Use backlinks whenever a relationship should be visible from both sides. Typical cases: "subitem / parent item", "contact / company", "blocks / blocked by" or "project / customer".
4. Add formulas and rollups
Formulas can compute a number, text, date, boolean or person from the context of a single record. If a formula depends on another formula, Apexloop builds a cascade. A view column additionally gives formulas filtered children, so you can sum values from child records.
Examples:
- Sum of invoice line items from the line item view column.
- Project status based on open tasks and approaching deadline.
- Responsible person based on order type and region.
- Company margin rolled up through projects that themselves aggregate tasks and costs.
Leave computed fields to formulas. Values that should be changed by a person or automation, leave without a formula.
5. Set up views for roles
The same data can have several views. Finance often needs a datagrid, sales a kanban, management a chart and the team a calendar or timeline.
Start with these views:
- Datagrid for checking many columns at once.
- Kanban for status-based processes and drag-and-drop.

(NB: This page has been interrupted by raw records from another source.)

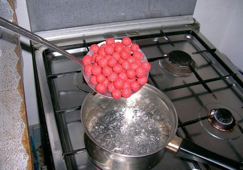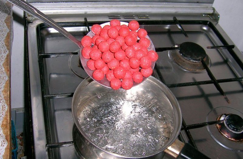 Как шарики будут сформированы, приступают к варке бойлов. Для этого нужно взять металлическое сито и выложить бойлы на него, после чего приманка опускается в кипяток. Как только шарики начинают всплывать, их вынимают.
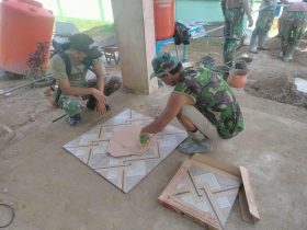 Saya yakin dan percaya kepada anggota Satgas TMMD kalian adalah sosok prajurit yang mempunyai ahli bangunan yang sudah berpengalaman penugasan khususnya TMMD yang kerap dilaksanakan setiap tahun. sehingga pengerjaan pemotongan dan pemasangan keramik nantinya disetiap sudut akan kelihatan tegak lurus. Ujarnya Pasiter.
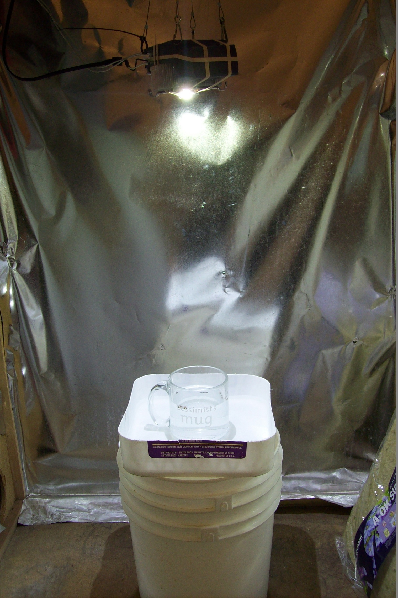 Germination area is simple. Glass of water, for seeds, tray of water for rockwool implantation after seeds germinate, under a 15w LED driven at 6w (12V @ 500mA) LED is a Cree MK-R on a SinkPad aluminum 20mm star. I'm just using the power supply from an old phone base wall wart to drive it, and a 12V 100ma wall wart for the fan.
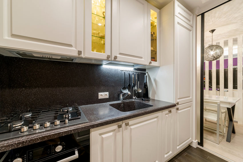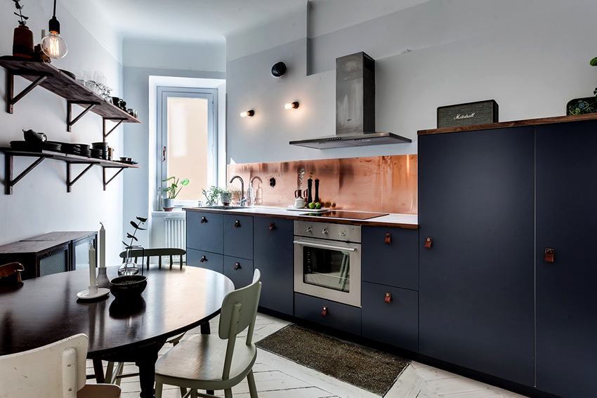 - Nada gelap secara visual mengurangkan ruang, jadi di dapur kecil disarankan untuk memilih warna hitam hanya sebagai aksen.
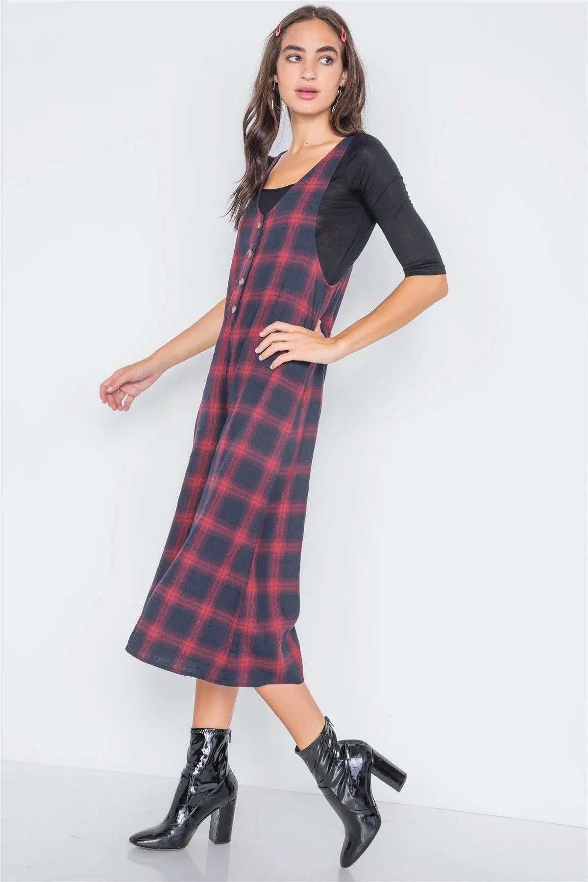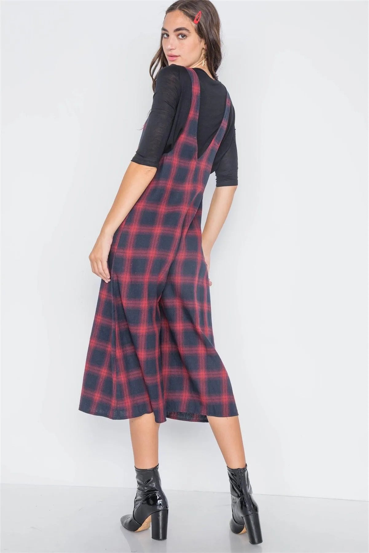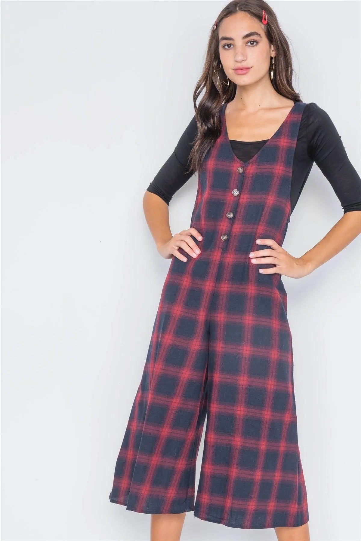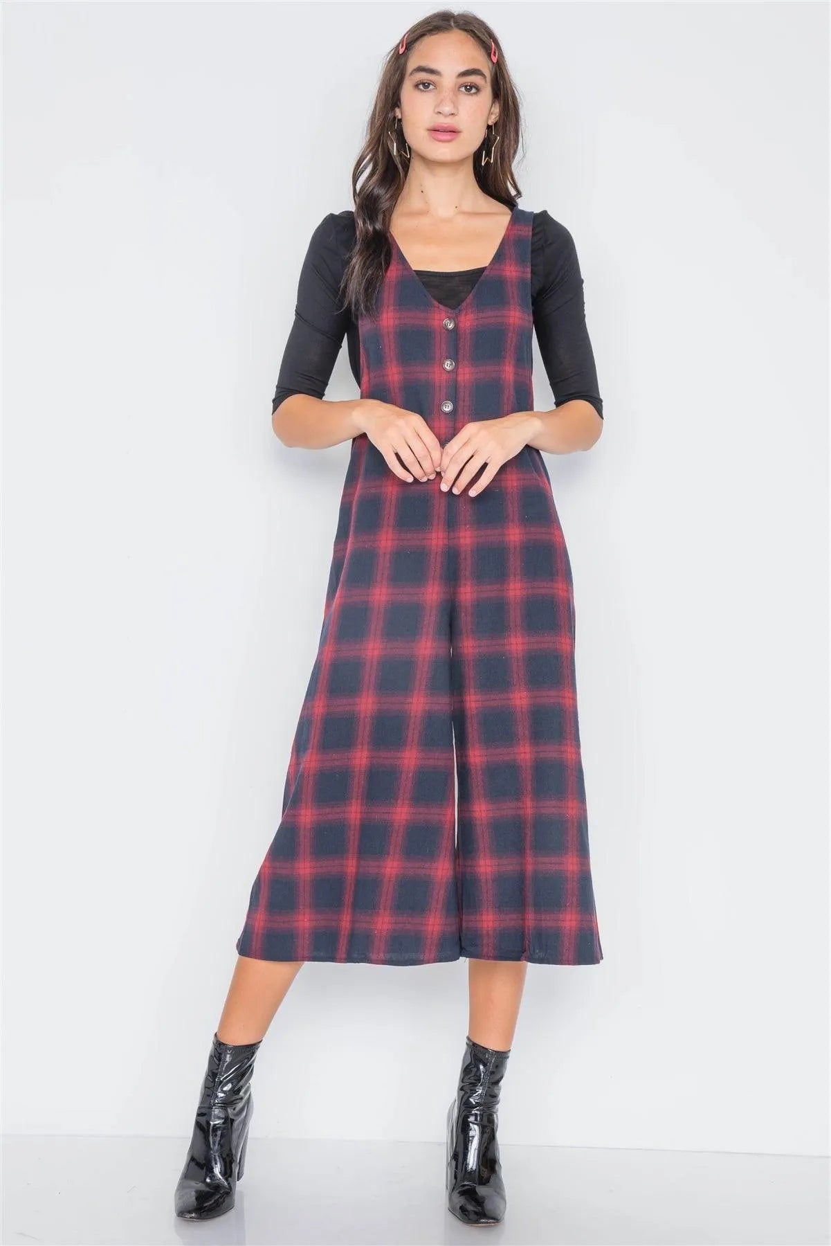 Black Red Plaid Wide Leg Overall Jumpsuit /3-2-1
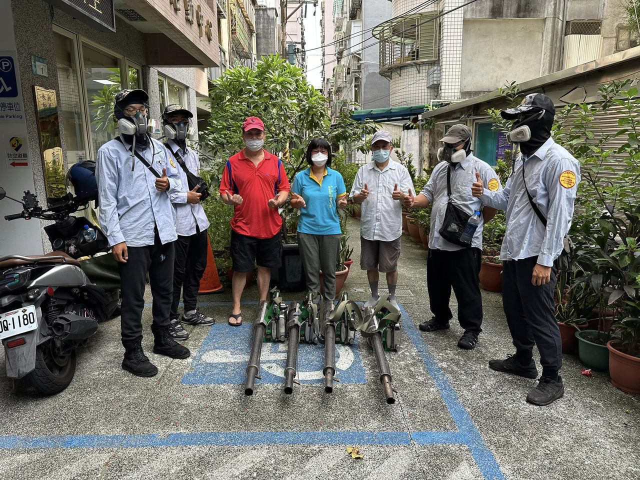 永和區豫溪里進行環境消毒作業,本次消毒為杜絕病媒蚊蟲的孳生,消毒業者為里內各個角落做確實徹底消毒完成。里長廖亦芳呼籲大家要加強居家環境清理,清除積水容器,遠離登革熱等傳染病威脅。 相關照片 消毒團隊 盆栽易積水處消毒 防火巷水溝消毒 水溝消毒
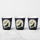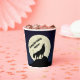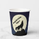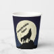 Erstellen Sie personalisierte Party-Vorräte, die sich perfekt für Tierliebhaber und schlummernde Party eignen. Diese Papiertassen zeigen eine Darstellung eines Wolfs, der auf dem Set des Mondes vor einem dunkelblauen Hintergrund heult. Es gibt einen Ort, an dem Sie Ihre eigene benutzerdefinierte Nachricht hinzufügen können.
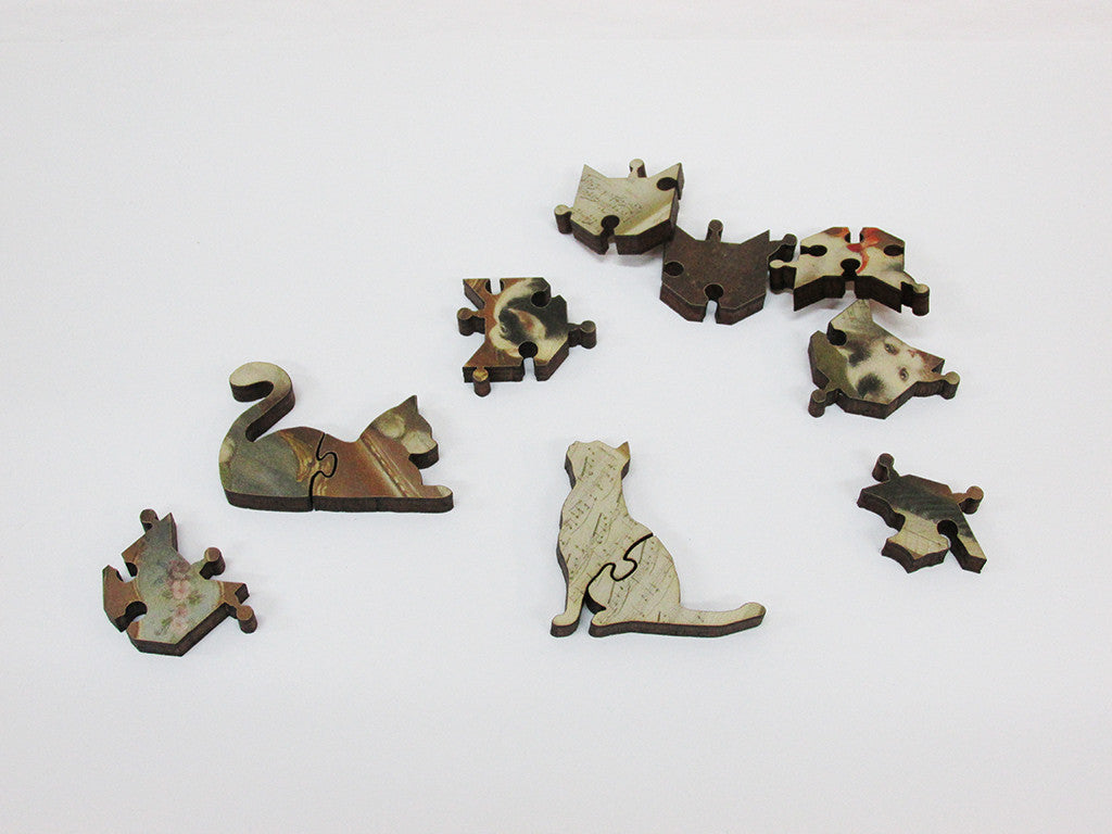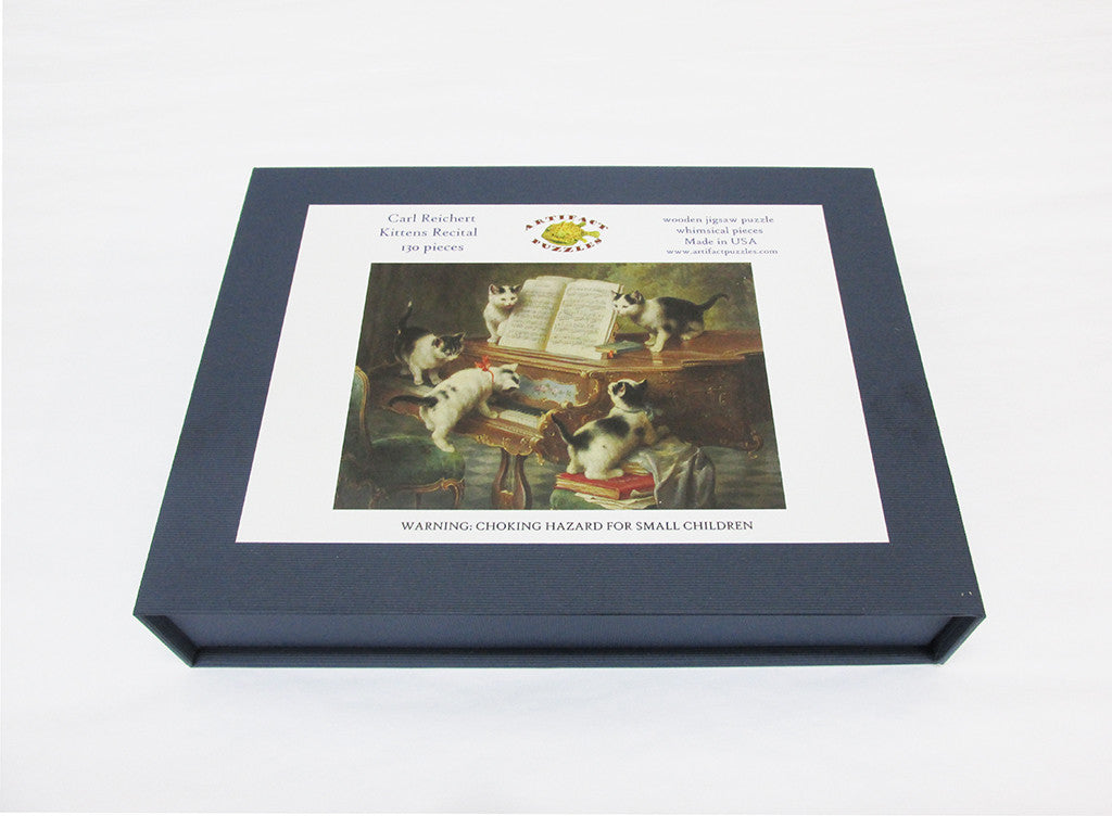 This is a 130 piece puzzle of Carl Reichert's "The Kittens' Recital." This puzzle features a regular edge, a joyful design by Jef Bambas, and a handful of adorable themed whimsies. Please be warned the puzzle will be darker in real-life than it looks on your screen! This puzzle has an average difficulty. Like all our puzzles, laser-cut from 1/4" thick wood. Packaged in a small blue box with magnetic clasp. Made in USA.

- Calendar or schedule for dates, capacities and meetings.
- Timeline for projects, roadmaps and dependencies.
- Chart for summary metrics.
- Detail with view subgrids for working in the context of a single record.
For each view, write down who it serves and what decision it should speed up. A view nobody uses for actual work should eventually be removed or merged.
6. Configure permissions and archiving
Permissions in Apexloop can be controlled down to column level. Enable them for sensitive values like prices, margins, personal data, internal notes or approval fields. A person column can hold one person, multiple people or groups.
An archived boolean is useful for records that should remain accessible but should no longer change. When archiving is enabled, other columns can be set to read-only.
7. Add pages, forms and communication
Use document pages for content that is longer than a grid cell: specifications, meeting notes, guides, templates, newsletters or internal hubs. A page can contain text, a database component with multiple views, a dashboard, media, QR codes, buttons and shortcuts to other pages or records.
Use forms for data collection. They can be internal, public or anonymous, and they create new rows in databases. The email page can manage messages without threads, map them to databases and save attachments to file columns. Keep chat with the pages and records where the conversation belongs to the work.
8. Automate repetitive steps
An automation always has one trigger: a manual button, a schedule, a webhook, a received message or a record change. Subsequent nodes can create or update records, look up data, iterate over lists, evaluate conditions, send messages and call HTTP or webhook integrations.
Good first candidates for automation:
- After a form is submitted, create a contact and assign a responsible person.
- A button on an invoice creates a PDF from a document template.
- When status changes, send an email or internal notification.
- On a schedule, find overdue records and alert the team.
9. Verify the first workflow
Before expanding the workspace, walk through one complete scenario from input to output:
- Create a new record manually or via form.
- Fill in relations and attachments.
- Check that formulas have computed values.
- Open the record in the views the team will use.
- Trigger the button or automation.
- Print the PDF, send the email or review the report.
When the scenario works, add more databases, views and automations incrementally. The best workspace grows from real work, not from a large model designed upfront.